Are there any features that obviously will not help with this classification problem?

If you answer yes - ignore those features moving forward

Solution 3c

write your solution here

Given that we have both categorical and numeric features, let's start with the numerical features and see how well they can predict survival on the Titanic.

One note - for now we are going to exclude Age, because as you saw when you examined the data, there are some passengers that do not have any age information. This problem, known as "missing data" is one that we will deal with before the end of this problem.

Problem 3d

How accurately can the numeric features, Pclass, SibSp, Parch, and Fare predict survival on the Titanic? Use a $k = 7$ Nearest Neighbors model, and estimate the model accuracy using 10-fold cross validation.

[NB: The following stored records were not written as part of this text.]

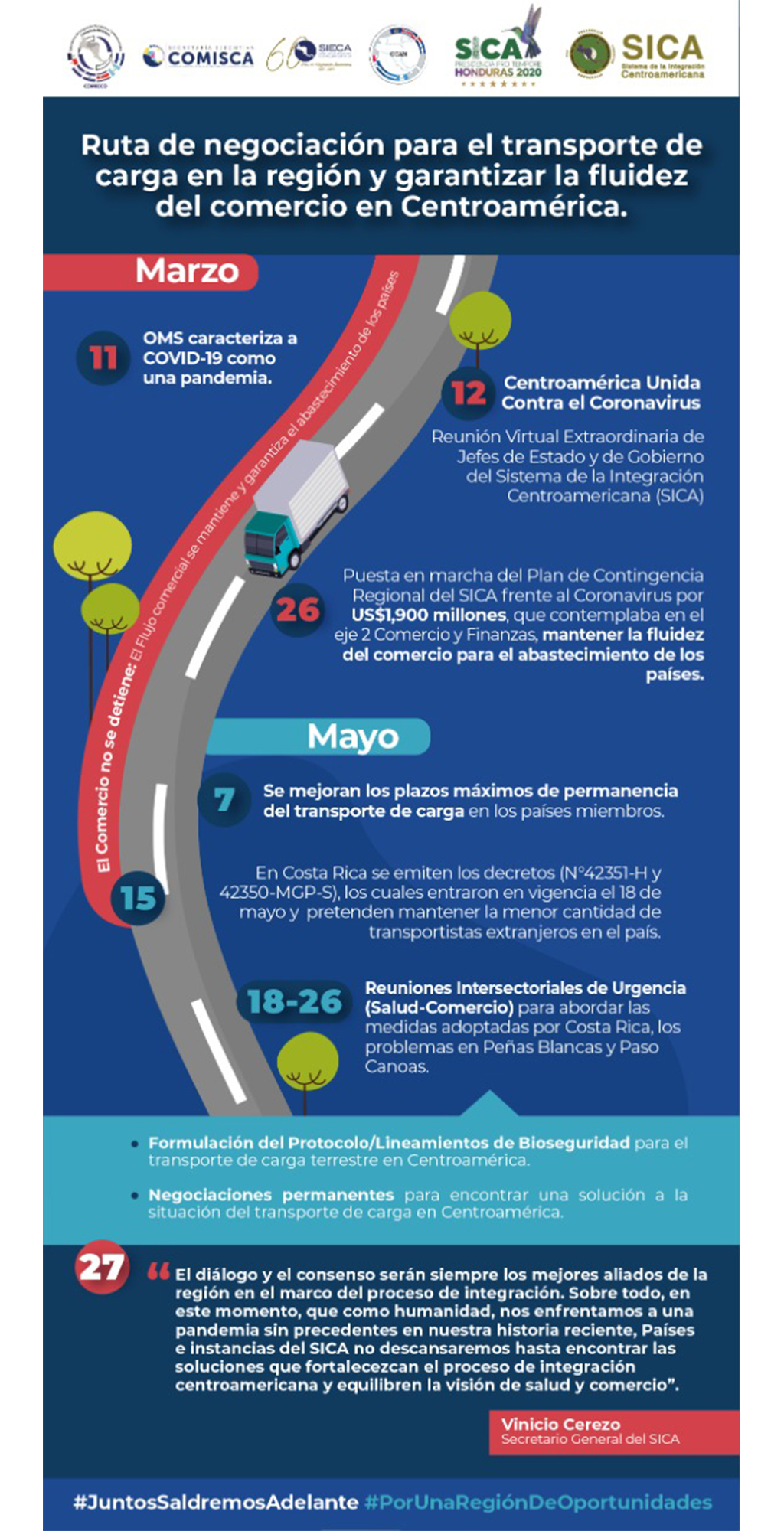 En esa línea de continuar con el diálogo, el consenso y el trabajo articulado, el pasado 24 de mayo la Secretaría General del SICA hizo un llamado a apostarle a un abordaje intersectorial y en la creación de soluciones conjuntas entre todos los países miembros, que permitan asegurar el flujo comercial en Centroamérica.
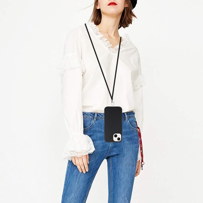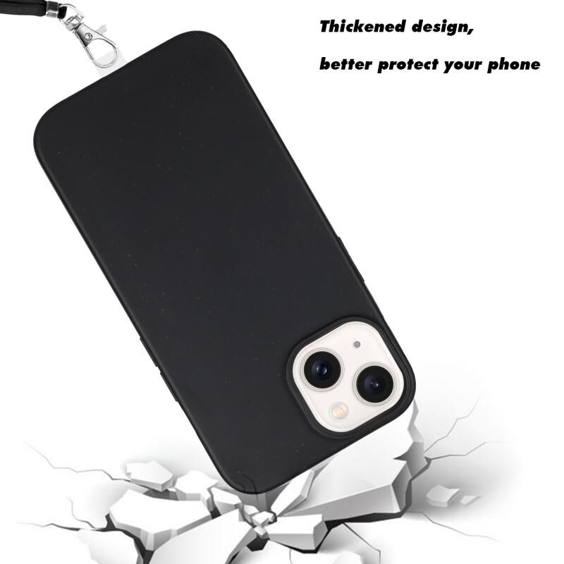For iPhone 13 Wheat MagSafe Magnetic Straw Material + TPU Phone Case with Lanyard(Black)
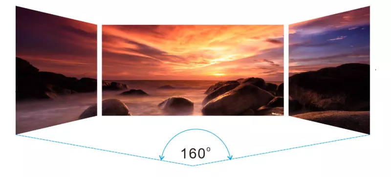 La pantalla cuenta con un ángulo de visión de 160°, lo que garantiza una clara visibilidad desde cualquier posición.
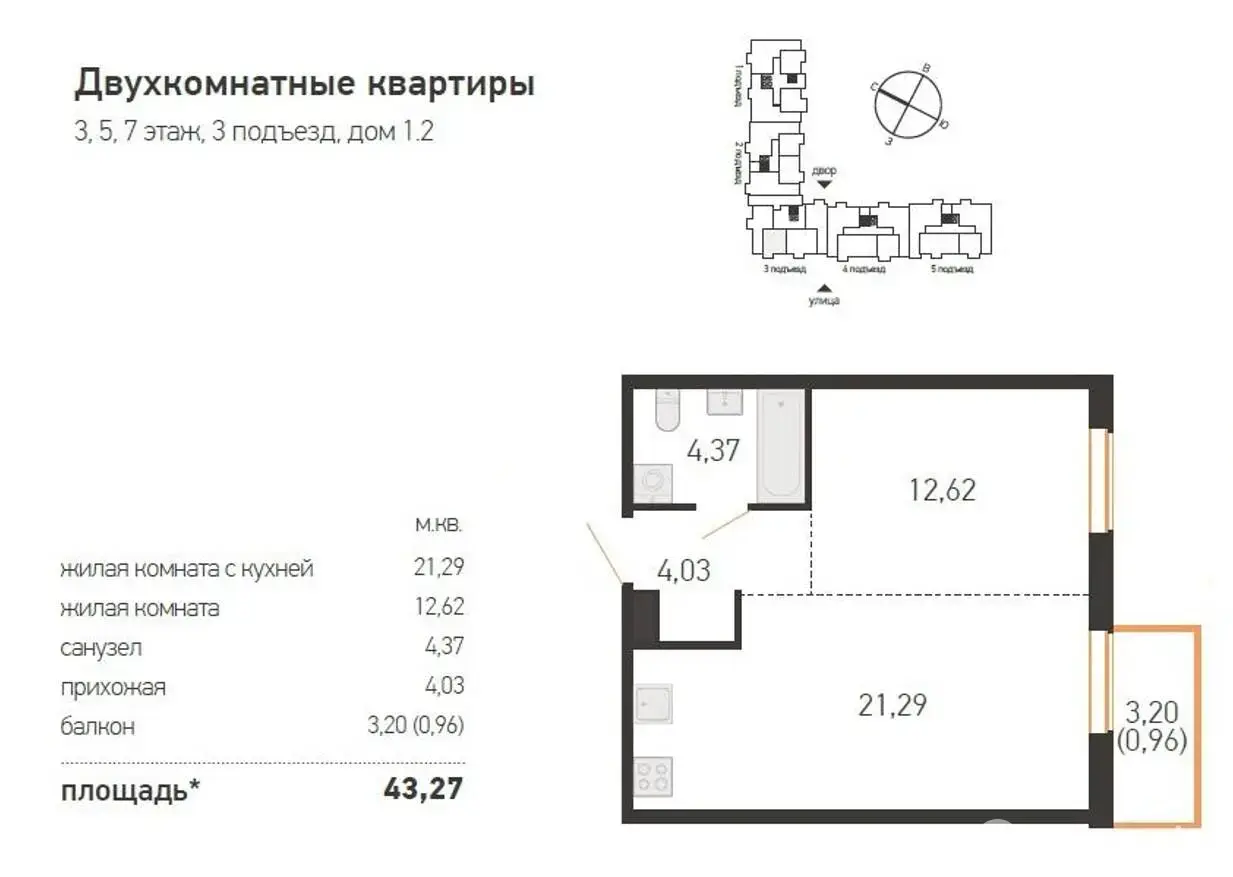 Квартира расположена в малоэтажной секции, всего 7 этажей.
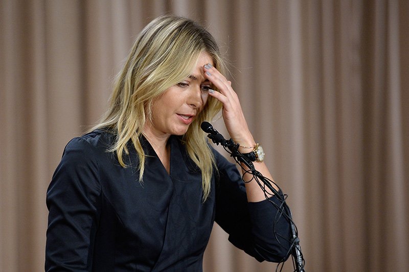 Двухлетнюю дисквалификацию Шарапова получила за употребление запрещенного препарата мельдония. 7 марта 2016 года теннисистка объявила, что 26 января во время турнира Australian Open сдала положительный допинг. Ответственность за применение допинга Шарапова взяла на себя, сказав, что не заметила письмо от Всемирной антидопинговой ассоциации, в котором говорилось, что с 2016 года мельдоний становится запрещенным препаратом. На фото: Шарапова во время пресс-конференции 7 марта
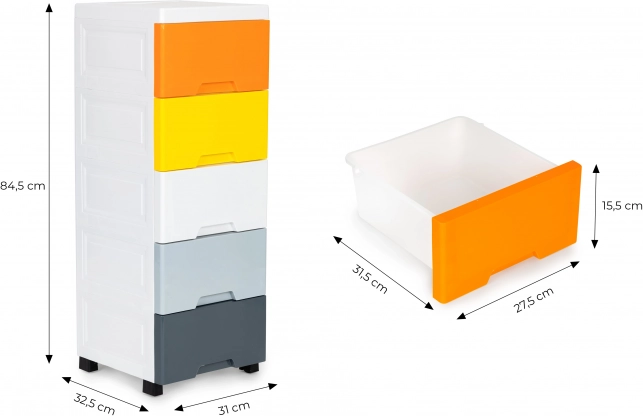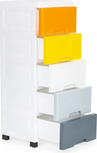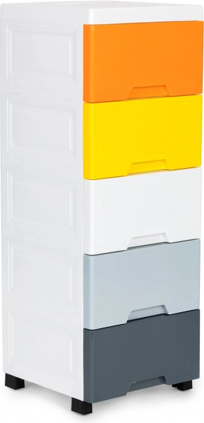 Užijte si přehledné a stylové ukládání hraček, kosmetiky nebo drobností. Tento vysoký a úzký organizér šetří místo, zatímco pět prostorných zásuvek v různých barvách pomáhá s tříděním a rychlým nalezením věcí. Čistý bílý rám zapadne do moderních interiérů a snadno se udržuje.
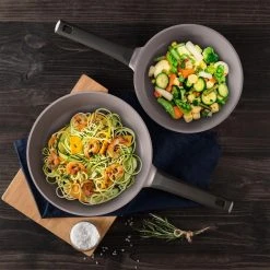 - 2-piece fry pan set – the Gastro 2-piece fry pan set from MasterPRO features two essential sizes for any kitchen collection: a 9.5 in. fry pan and an 11 in. fry pan, whether you’re quickly frying eggs in the morning or searing and sauteing for dinner, the Gastro 2-piece fry pan set from MasterPRO provides exactly what you need
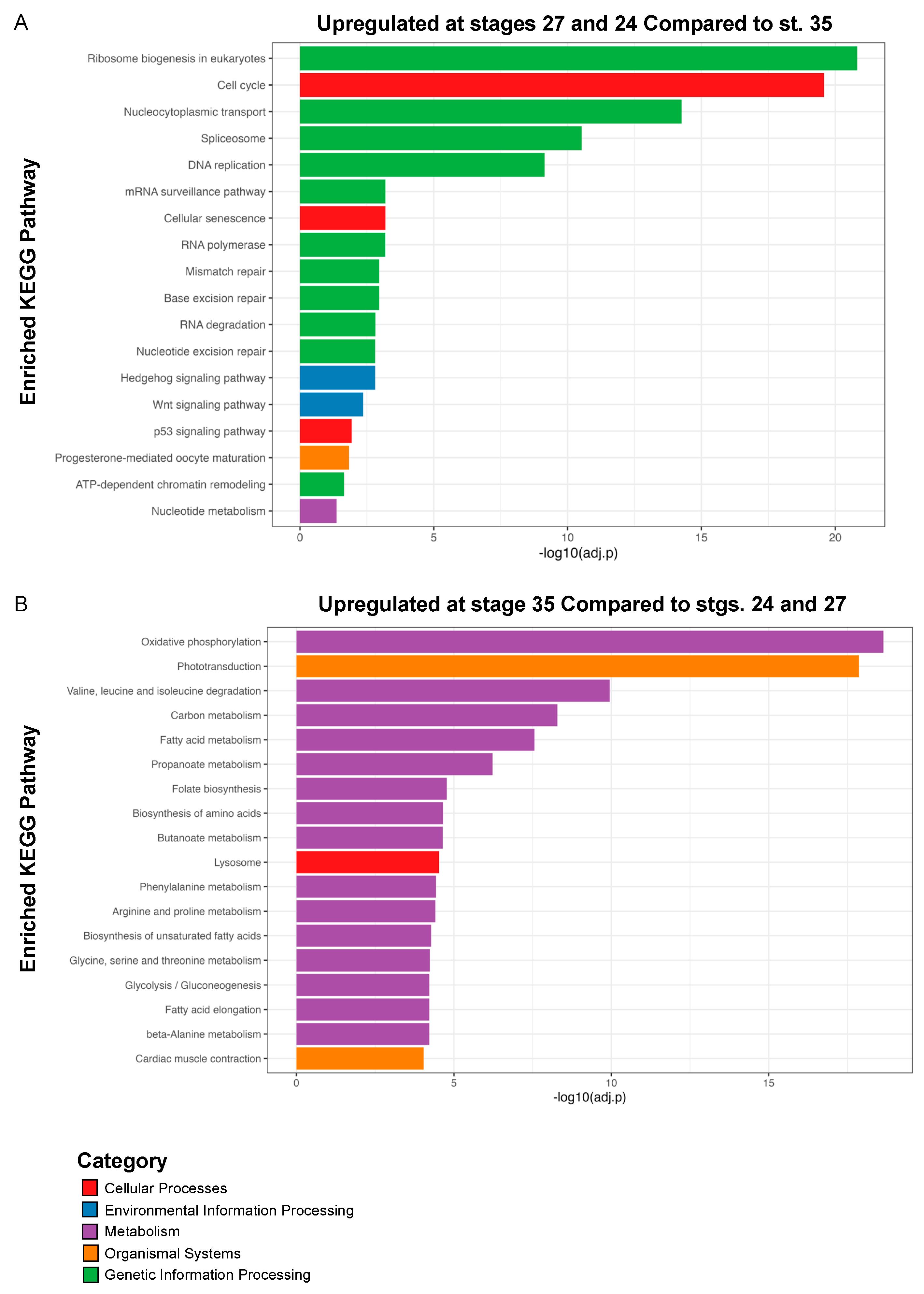 Figure 4. KEGG pathway enrichment analysis. Kyoto Encyclopedia of Genes and Genomes (KEGG) analysis of (A) statistically significantly upregulated genes at st. 24 and 27 compared to st. 35 and (B) statistically significantly upregulated genes at st. 35 compared to st. 24 and 27. Only top hits are shown in (B); for full list of KEGG pathways see Supplementary Figure S1.
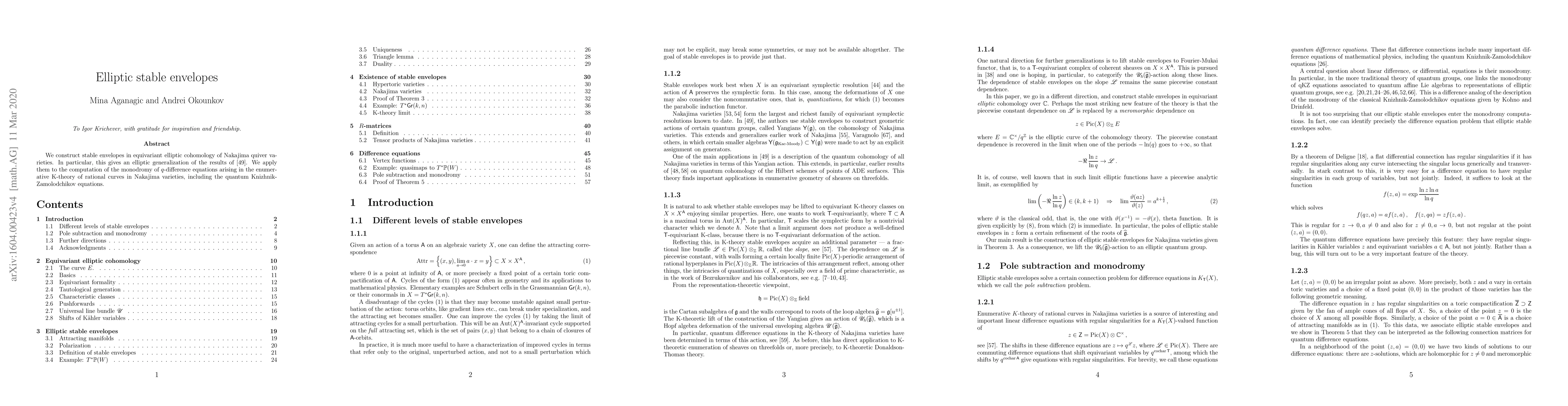 We construct stable envelopes in equivariant elliptic cohomology of Nakajima quiver varieties. In particular, this gives an elliptic generalization of the results of arXiv:1211.1287. We apply them to the computation of the monodromy of $q$-difference equations arising the enumerative K-theory of rational curves in Nakajima varieties, including the quantum Knizhnik-Zamolodchikov equations.

Hint 1 - you'll want to redefine your features vector X

Hint 2 - you may find cross_val_score from scikit-learn helpful



In [ ]:

    
from sklearn.model_selection import cross_val_score

X = # complete

knn_clf = # complete

cv_results = cross_val_score( # complete

print('The accuracy from numeric features = {:.2f}%'.format(100*np.mean(cv_results)))

An accuracy of 68% isn't particularly inspiring. But, there's a lot of important information that we are excluding. As far as the Titanic is concerned, Kate and Leo taught us that female passengers are far more likely to survive, while male passengers are not. So, if we can include gender in the model then we may be able to achieve more accurate predictions.

Problem 3e

Create a new feature called gender that equals 1 for male passengers and 2 for female passengers. Add this feature to your dataframe, and include it in a kNN model with the other numeric features. Does the inclusion of this feature improve the 10-fold CV accuracy?



In [ ]:

    
gender = # complete
# complete

titanic_df['gender'] = gender

X = # complete

cv_results = cross_val_score( # complete

print('The accuracy when including gender = {:.2f}%'.format(100*np.mean(cv_results)))

A 14% improvement is pretty good! But, we can wrangle even more out of the gender feature. Recall that kNN models measure the Euclidean distance between sources, meaning the scale of each feature really matters. Given that the fare ranges from 0 up to 512.3292, the kNN model will see this feature as far more important than gender, for no other reason than the units that have been adopted.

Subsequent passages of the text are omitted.